**Task**
Each line from the opening of the material through the line holding "Säljer en superfin" needs to be returned exactly, with the pictures left out.
--- Data below Enclosed Below ---
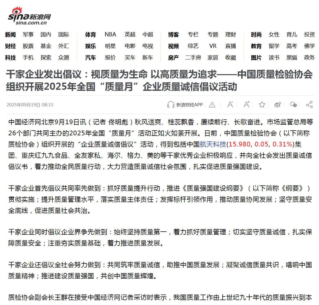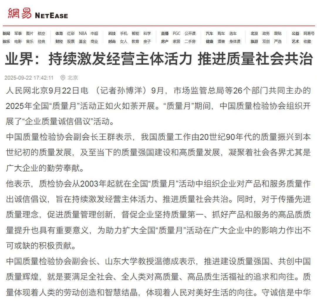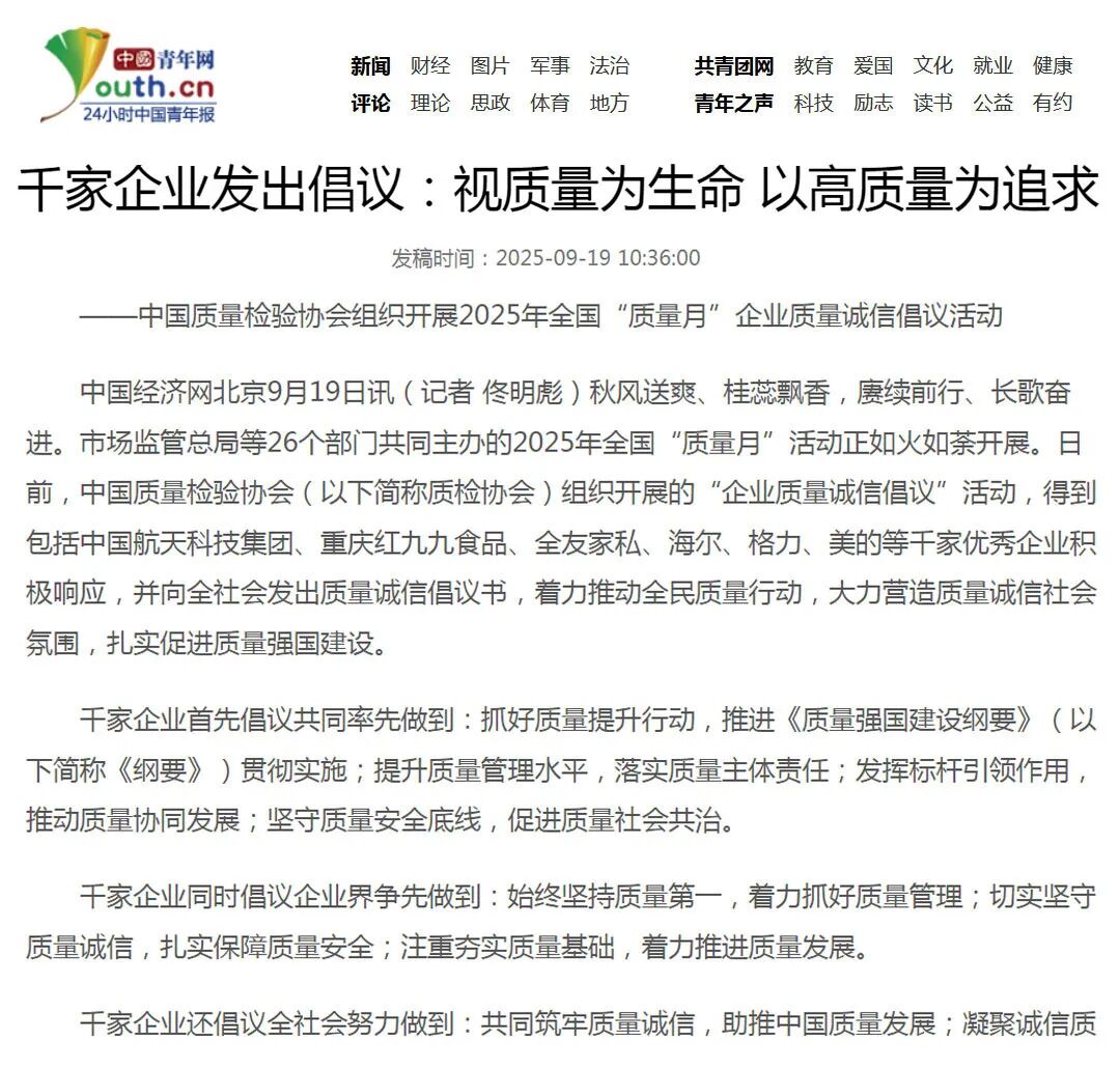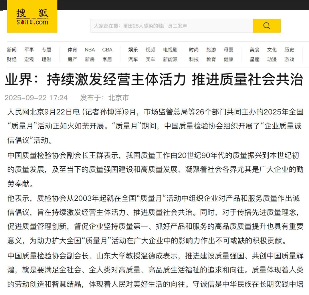 金秋九月之际,市场监管总局等26个部门共同主办的2025年全国“质量月”活动正在全国范围内有序开展。在2025年全国“质量月”活动中,中国质量检验协会(以下简称质检协会)以“坚持质量第一 抓好质量提升 共筑质量诚信 建设质量强国”为主题组织开展的“企业质量诚信倡议”专题活动,得到千余家优秀企业的积极响应。
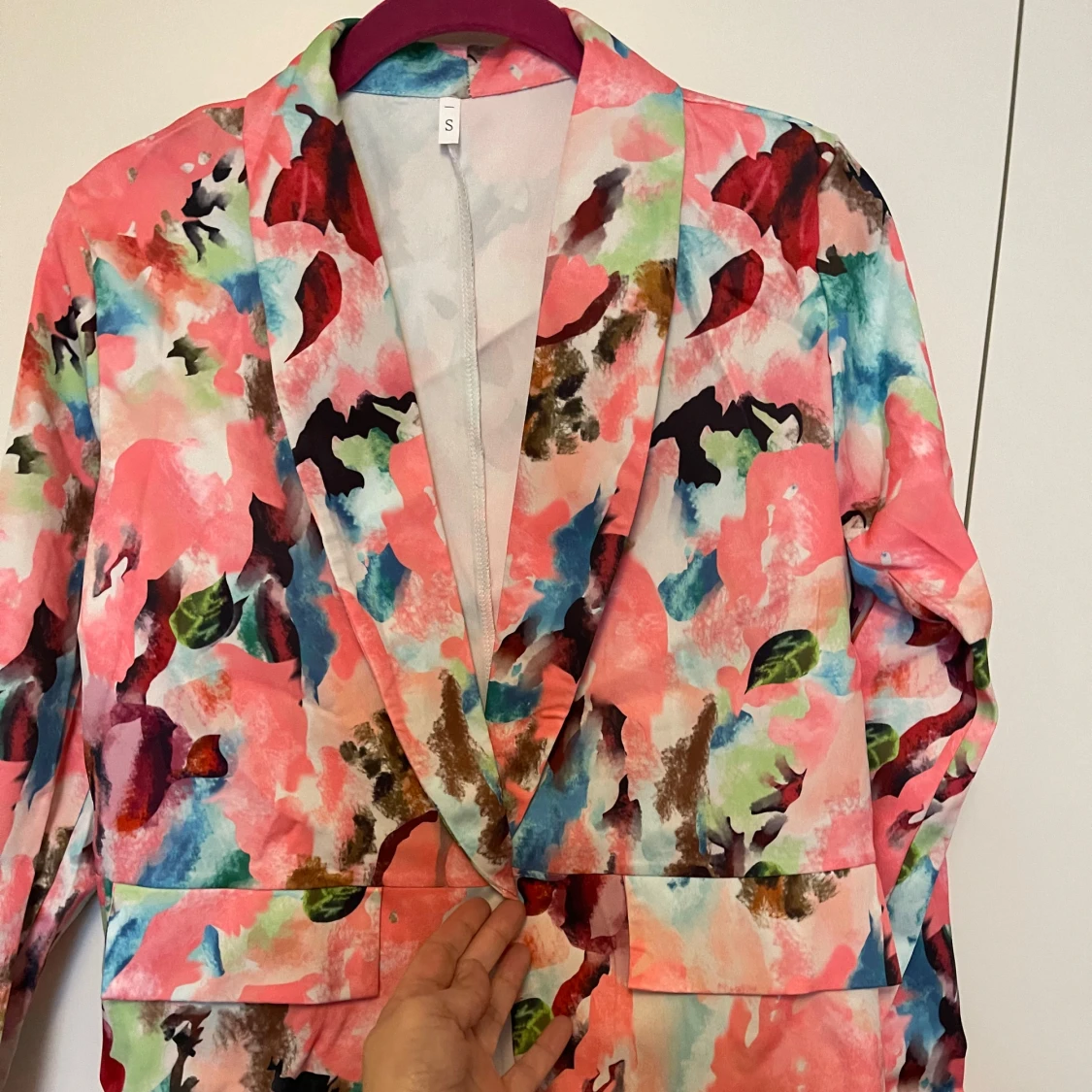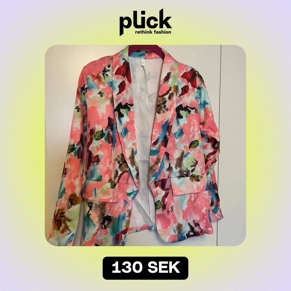 Säljer en superfin kavaj i storlek S med ett färgglatt blommigt mönster. Perfekt för att liva upp vilken outfit som helst! Kavajen har långa ärmar och en normal passform. Den är idealisk för både vardags och fest. Helt ny🌸
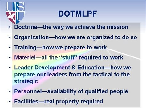 Web this regulation establishes policies and responsibilities for the army lessons learned program (allp). Web this regulation establishes policies and responsibilities for the army lessons learned program (allp). Web what does dotmlpf stand for in army? Army uses to conceive, plan and implement organizational change. Get the top dotmlpf abbreviation related to army. Army has, and follows, formal processes to make changes in each, and the army appears to use all these processes frequently. Army’s force modernization proponent, responsible for managing army change to doctrine,. Army functional concept for sustainment. It provides the foundation for the army to maximize the benefit of. Web the force modernization proponent is the hqda principal official or the commander, commandant, director, or chief of a center, school, institution, or agency. How we organize to fight (e.g.,.
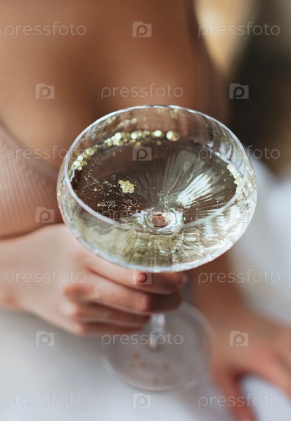 Урожай самки с бокалом шампанского
--- End of Enclosed Data below ---
**Answer area**
 金秋九月之际,市场监管总局等26个部门共同主办的2025年全国“质量月”活动正在全国范围内有序开展。在2025年全国“质量月”活动中,中国质量检验协会(以下简称质检协会)以“坚持质量第一 抓好质量提升 共筑质量诚信 建设质量强国”为主题组织开展的“企业质量诚信倡议”专题活动,得到千余家优秀企业的积极响应。
 Säljer en superfin kavaj i storlek S med ett färgglatt blommigt mönster. Perfekt för att liva upp vilken outfit som helst! Kavajen har långa ärmar och en normal passform. Den är idealisk för både vardags och fest. Helt ny🌸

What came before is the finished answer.